**DATA**
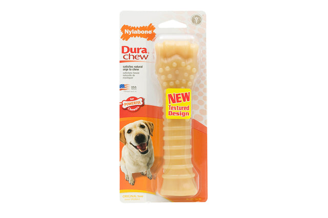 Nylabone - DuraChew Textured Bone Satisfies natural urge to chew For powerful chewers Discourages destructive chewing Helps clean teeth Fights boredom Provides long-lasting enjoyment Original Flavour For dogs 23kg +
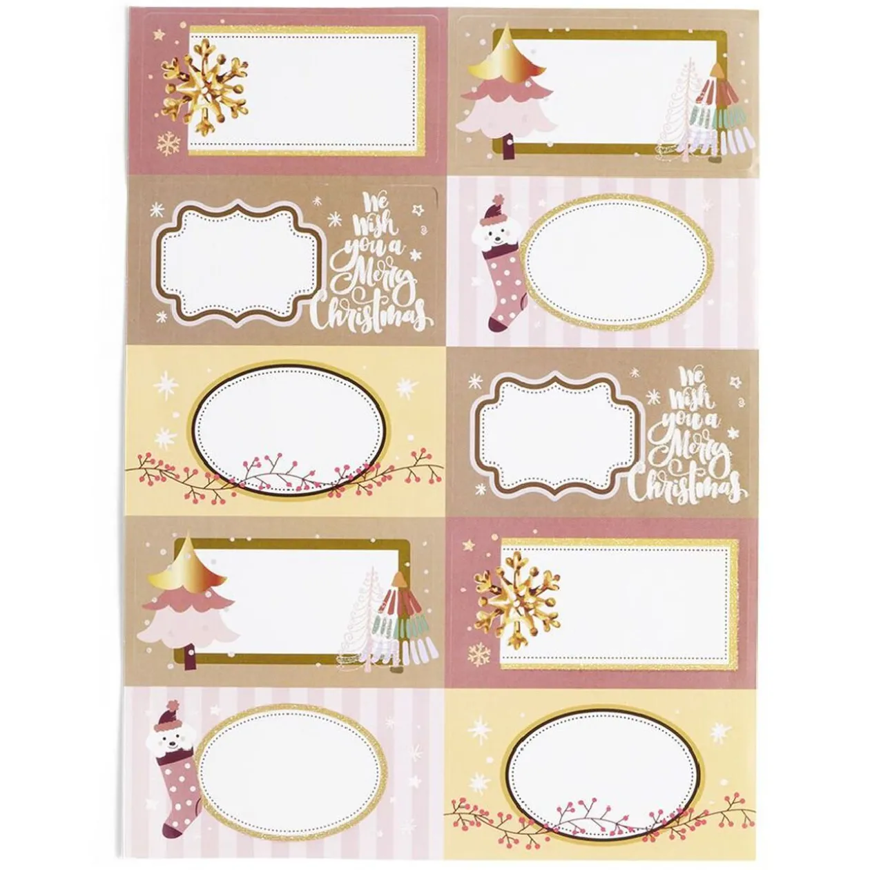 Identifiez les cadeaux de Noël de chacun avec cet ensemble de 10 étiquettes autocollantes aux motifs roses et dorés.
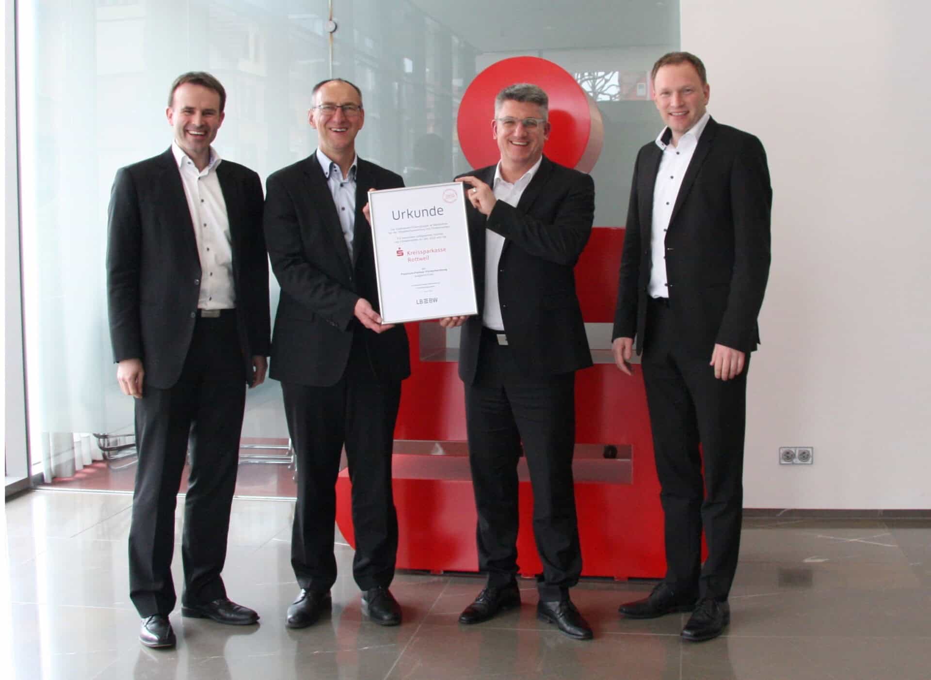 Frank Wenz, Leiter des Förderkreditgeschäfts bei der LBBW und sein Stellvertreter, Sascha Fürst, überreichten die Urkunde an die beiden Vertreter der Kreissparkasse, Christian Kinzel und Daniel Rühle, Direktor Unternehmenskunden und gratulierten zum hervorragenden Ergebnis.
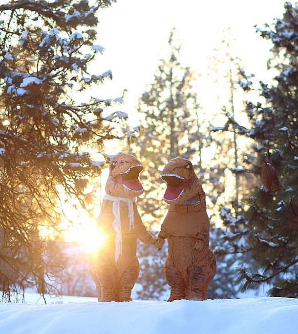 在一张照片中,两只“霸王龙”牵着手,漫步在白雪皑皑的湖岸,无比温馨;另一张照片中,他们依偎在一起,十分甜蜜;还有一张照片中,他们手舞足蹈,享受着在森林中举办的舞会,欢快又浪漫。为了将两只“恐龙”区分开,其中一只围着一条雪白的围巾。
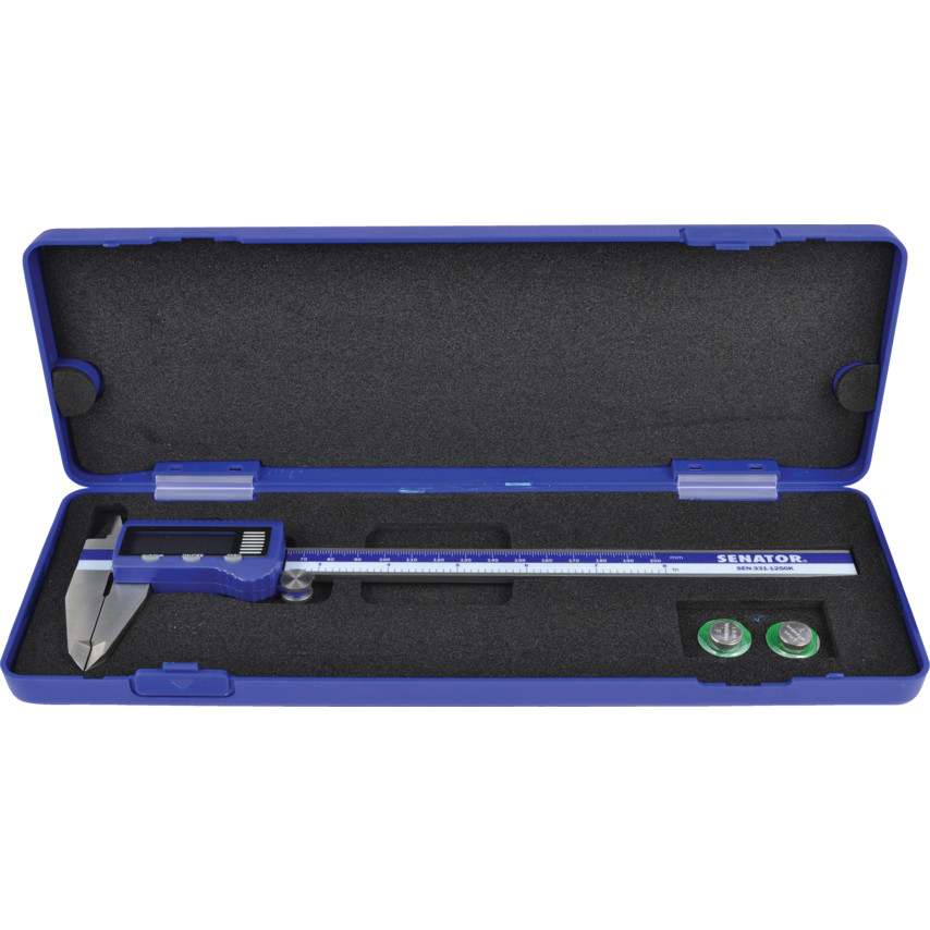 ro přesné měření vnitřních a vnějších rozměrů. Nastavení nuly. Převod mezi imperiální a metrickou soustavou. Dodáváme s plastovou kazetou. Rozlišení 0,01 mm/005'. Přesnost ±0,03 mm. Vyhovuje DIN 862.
* * *
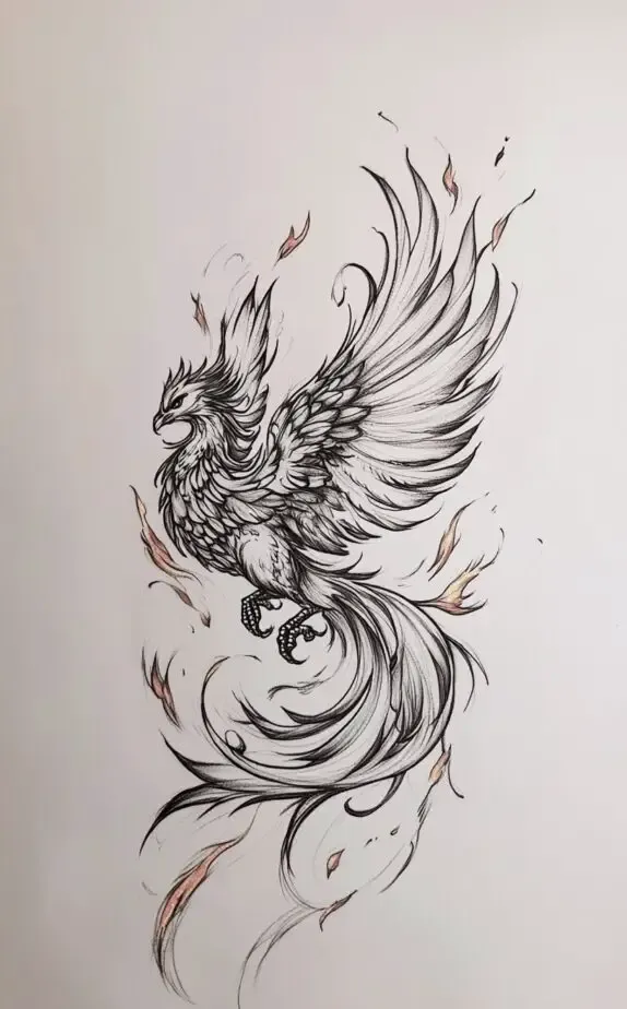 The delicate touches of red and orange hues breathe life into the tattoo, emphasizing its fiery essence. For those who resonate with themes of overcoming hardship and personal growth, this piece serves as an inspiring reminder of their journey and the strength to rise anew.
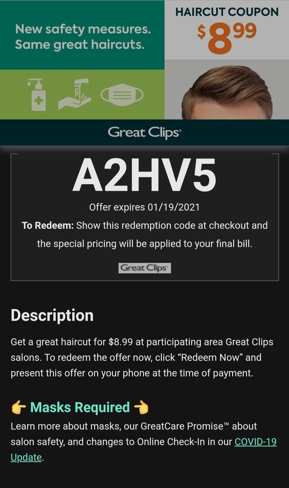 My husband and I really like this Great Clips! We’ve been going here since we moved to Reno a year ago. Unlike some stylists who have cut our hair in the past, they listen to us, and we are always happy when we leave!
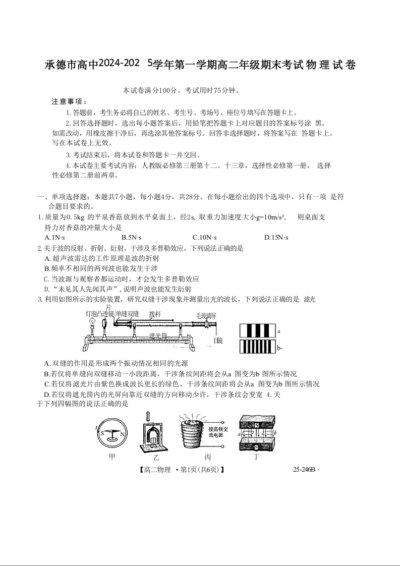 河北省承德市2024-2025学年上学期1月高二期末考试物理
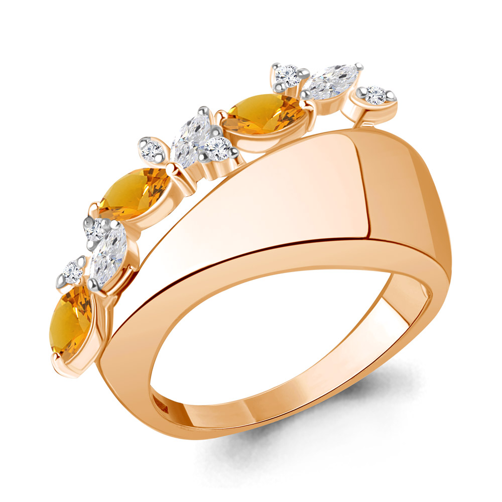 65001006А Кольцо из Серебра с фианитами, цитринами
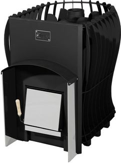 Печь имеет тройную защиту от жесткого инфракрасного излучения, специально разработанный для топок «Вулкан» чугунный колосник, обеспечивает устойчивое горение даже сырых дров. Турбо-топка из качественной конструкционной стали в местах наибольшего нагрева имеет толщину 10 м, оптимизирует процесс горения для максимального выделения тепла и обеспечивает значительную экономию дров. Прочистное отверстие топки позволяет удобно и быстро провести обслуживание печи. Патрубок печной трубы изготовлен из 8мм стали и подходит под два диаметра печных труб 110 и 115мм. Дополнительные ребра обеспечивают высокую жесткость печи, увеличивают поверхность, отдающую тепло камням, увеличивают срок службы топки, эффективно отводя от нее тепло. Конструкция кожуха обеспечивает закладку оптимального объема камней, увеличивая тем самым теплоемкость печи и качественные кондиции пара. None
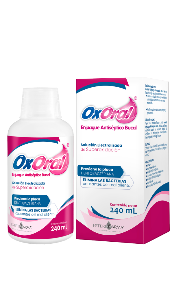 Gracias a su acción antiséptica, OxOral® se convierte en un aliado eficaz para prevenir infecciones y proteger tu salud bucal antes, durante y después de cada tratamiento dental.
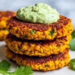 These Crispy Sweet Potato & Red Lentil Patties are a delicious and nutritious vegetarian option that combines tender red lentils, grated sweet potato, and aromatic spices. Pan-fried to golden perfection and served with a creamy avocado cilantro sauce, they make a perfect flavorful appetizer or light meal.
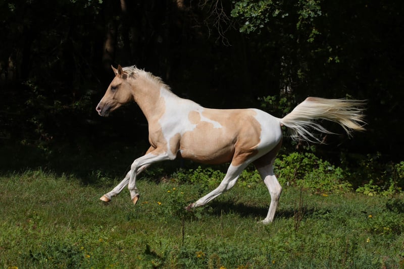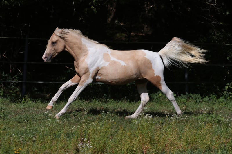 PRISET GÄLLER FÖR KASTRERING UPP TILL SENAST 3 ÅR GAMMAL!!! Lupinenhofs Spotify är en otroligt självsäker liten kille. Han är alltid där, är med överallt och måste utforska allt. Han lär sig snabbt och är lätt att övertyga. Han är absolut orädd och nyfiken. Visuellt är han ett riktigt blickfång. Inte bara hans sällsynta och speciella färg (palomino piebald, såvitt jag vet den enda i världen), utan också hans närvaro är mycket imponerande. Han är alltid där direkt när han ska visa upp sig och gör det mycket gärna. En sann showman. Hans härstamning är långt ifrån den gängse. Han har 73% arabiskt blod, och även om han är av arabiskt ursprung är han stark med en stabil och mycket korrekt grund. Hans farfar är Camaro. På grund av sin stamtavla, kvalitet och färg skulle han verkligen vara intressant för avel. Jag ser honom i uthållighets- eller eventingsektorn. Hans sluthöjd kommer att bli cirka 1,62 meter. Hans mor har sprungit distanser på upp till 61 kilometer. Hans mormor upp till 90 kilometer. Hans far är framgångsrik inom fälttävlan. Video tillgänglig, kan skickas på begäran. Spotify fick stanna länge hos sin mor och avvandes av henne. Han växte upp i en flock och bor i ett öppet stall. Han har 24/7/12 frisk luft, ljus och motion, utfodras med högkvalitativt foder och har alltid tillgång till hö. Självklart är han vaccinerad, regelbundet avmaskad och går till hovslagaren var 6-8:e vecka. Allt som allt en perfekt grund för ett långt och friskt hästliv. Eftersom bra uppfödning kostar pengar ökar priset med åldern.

**INSTRUCTIONS TO FOLLOW**
Only one stretch of the entries above is needed: the lines from the one containing "Nylabone - DuraChew" through the one containing "ro přesné měření". Copy it exactly, without the pictures.

**SOLUTION**
 Nylabone - DuraChew Textured Bone Satisfies natural urge to chew For powerful chewers Discourages destructive chewing Helps clean teeth Fights boredom Provides long-lasting enjoyment Original Flavour For dogs 23kg +
 Identifiez les cadeaux de Noël de chacun avec cet ensemble de 10 étiquettes autocollantes aux motifs roses et dorés.
 Frank Wenz, Leiter des Förderkreditgeschäfts bei der LBBW und sein Stellvertreter, Sascha Fürst, überreichten die Urkunde an die beiden Vertreter der Kreissparkasse, Christian Kinzel und Daniel Rühle, Direktor Unternehmenskunden und gratulierten zum hervorragenden Ergebnis.
 在一张照片中,两只“霸王龙”牵着手,漫步在白雪皑皑的湖岸,无比温馨;另一张照片中,他们依偎在一起,十分甜蜜;还有一张照片中,他们手舞足蹈,享受着在森林中举办的舞会,欢快又浪漫。为了将两只“恐龙”区分开,其中一只围着一条雪白的围巾。
 ro přesné měření vnitřních a vnějších rozměrů. Nastavení nuly. Převod mezi imperiální a metrickou soustavou. Dodáváme s plastovou kazetou. Rozlišení 0,01 mm/005'. Přesnost ±0,03 mm. Vyhovuje DIN 862.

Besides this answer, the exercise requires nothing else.